**PROBLEM TO SOLVE:** The pictures are to be dropped, and the records below are to be restated word for word.

[Data records]
────────────────────
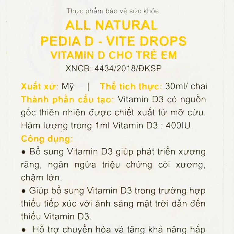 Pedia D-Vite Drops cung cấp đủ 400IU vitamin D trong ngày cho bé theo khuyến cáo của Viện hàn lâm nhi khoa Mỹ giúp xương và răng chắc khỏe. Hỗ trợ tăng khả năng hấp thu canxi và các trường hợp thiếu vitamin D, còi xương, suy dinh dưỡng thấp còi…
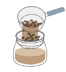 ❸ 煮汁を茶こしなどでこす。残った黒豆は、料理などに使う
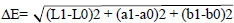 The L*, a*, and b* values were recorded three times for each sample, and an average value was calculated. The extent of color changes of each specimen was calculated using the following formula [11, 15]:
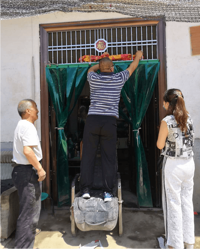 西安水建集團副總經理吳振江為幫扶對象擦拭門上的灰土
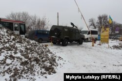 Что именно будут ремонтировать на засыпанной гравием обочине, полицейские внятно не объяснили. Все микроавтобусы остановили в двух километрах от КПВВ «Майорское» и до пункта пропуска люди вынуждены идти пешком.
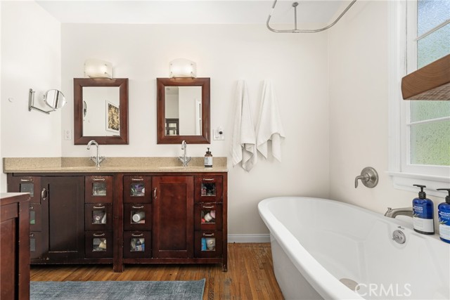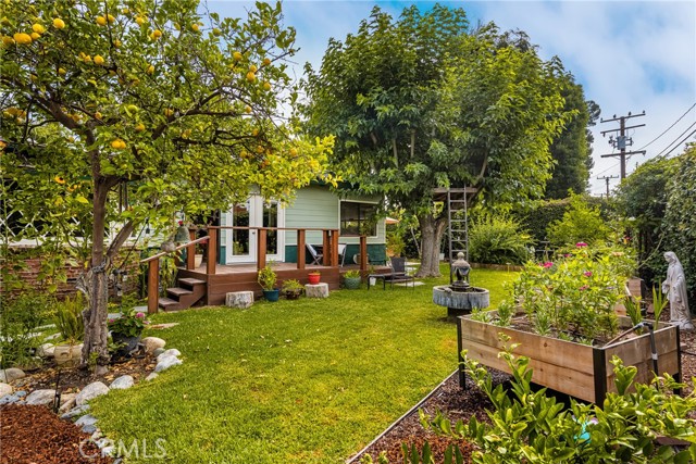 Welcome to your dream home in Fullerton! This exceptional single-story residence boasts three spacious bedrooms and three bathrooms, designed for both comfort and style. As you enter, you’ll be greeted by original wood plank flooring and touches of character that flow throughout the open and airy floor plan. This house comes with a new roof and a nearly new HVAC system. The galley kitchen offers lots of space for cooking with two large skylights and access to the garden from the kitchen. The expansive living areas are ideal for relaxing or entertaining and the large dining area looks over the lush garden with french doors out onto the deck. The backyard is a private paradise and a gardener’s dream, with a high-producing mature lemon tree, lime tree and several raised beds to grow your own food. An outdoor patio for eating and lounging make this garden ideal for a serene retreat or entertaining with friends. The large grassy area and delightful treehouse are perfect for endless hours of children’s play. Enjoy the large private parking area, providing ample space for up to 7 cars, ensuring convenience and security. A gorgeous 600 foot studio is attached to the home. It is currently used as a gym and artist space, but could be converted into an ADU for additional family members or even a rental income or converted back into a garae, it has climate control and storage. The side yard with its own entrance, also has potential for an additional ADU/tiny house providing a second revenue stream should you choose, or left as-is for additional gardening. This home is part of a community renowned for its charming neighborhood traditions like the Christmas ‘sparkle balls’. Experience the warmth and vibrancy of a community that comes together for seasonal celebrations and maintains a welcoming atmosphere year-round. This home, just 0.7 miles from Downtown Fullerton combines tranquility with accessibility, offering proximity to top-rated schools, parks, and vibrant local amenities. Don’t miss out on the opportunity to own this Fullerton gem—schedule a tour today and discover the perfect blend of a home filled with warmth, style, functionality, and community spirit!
────────────────────
**REPLY TO THE TASK:**
 Pedia D-Vite Drops cung cấp đủ 400IU vitamin D trong ngày cho bé theo khuyến cáo của Viện hàn lâm nhi khoa Mỹ giúp xương và răng chắc khỏe. Hỗ trợ tăng khả năng hấp thu canxi và các trường hợp thiếu vitamin D, còi xương, suy dinh dưỡng thấp còi…
 ❸ 煮汁を茶こしなどでこす。残った黒豆は、料理などに使う
 The L*, a*, and b* values were recorded three times for each sample, and an average value was calculated. The extent of color changes of each specimen was calculated using the following formula [11, 15]:
 西安水建集團副總經理吳振江為幫扶對象擦拭門上的灰土
 Что именно будут ремонтировать на засыпанной гравием обочине, полицейские внятно не объяснили. Все микроавтобусы остановили в двух километрах от КПВВ «Майорское» и до пункта пропуска люди вынуждены идти пешком.
 Welcome to your dream home in Fullerton! This exceptional single-story residence boasts three spacious bedrooms and three bathrooms, designed for both comfort and style. As you enter, you’ll be greeted by original wood plank flooring and touches of character that flow throughout the open and airy floor plan. This house comes with a new roof and a nearly new HVAC system. The galley kitchen offers lots of space for cooking with two large skylights and access to the garden from the kitchen. The expansive living areas are ideal for relaxing or entertaining and the large dining area looks over the lush garden with french doors out onto the deck. The backyard is a private paradise and a gardener’s dream, with a high-producing mature lemon tree, lime tree and several raised beds to grow your own food. An outdoor patio for eating and lounging make this garden ideal for a serene retreat or entertaining with friends. The large grassy area and delightful treehouse are perfect for endless hours of children’s play. Enjoy the large private parking area, providing ample space for up to 7 cars, ensuring convenience and security. A gorgeous 600 foot studio is attached to the home. It is currently used as a gym and artist space, but could be converted into an ADU for additional family members or even a rental income or converted back into a garae, it has climate control and storage. The side yard with its own entrance, also has potential for an additional ADU/tiny house providing a second revenue stream should you choose, or left as-is for additional gardening. This home is part of a community renowned for its charming neighborhood traditions like the Christmas ‘sparkle balls’. Experience the warmth and vibrancy of a community that comes together for seasonal celebrations and maintains a welcoming atmosphere year-round. This home, just 0.7 miles from Downtown Fullerton combines tranquility with accessibility, offering proximity to top-rated schools, parks, and vibrant local amenities. Don’t miss out on the opportunity to own this Fullerton gem—schedule a tour today and discover the perfect blend of a home filled with warmth, style, functionality, and community spirit!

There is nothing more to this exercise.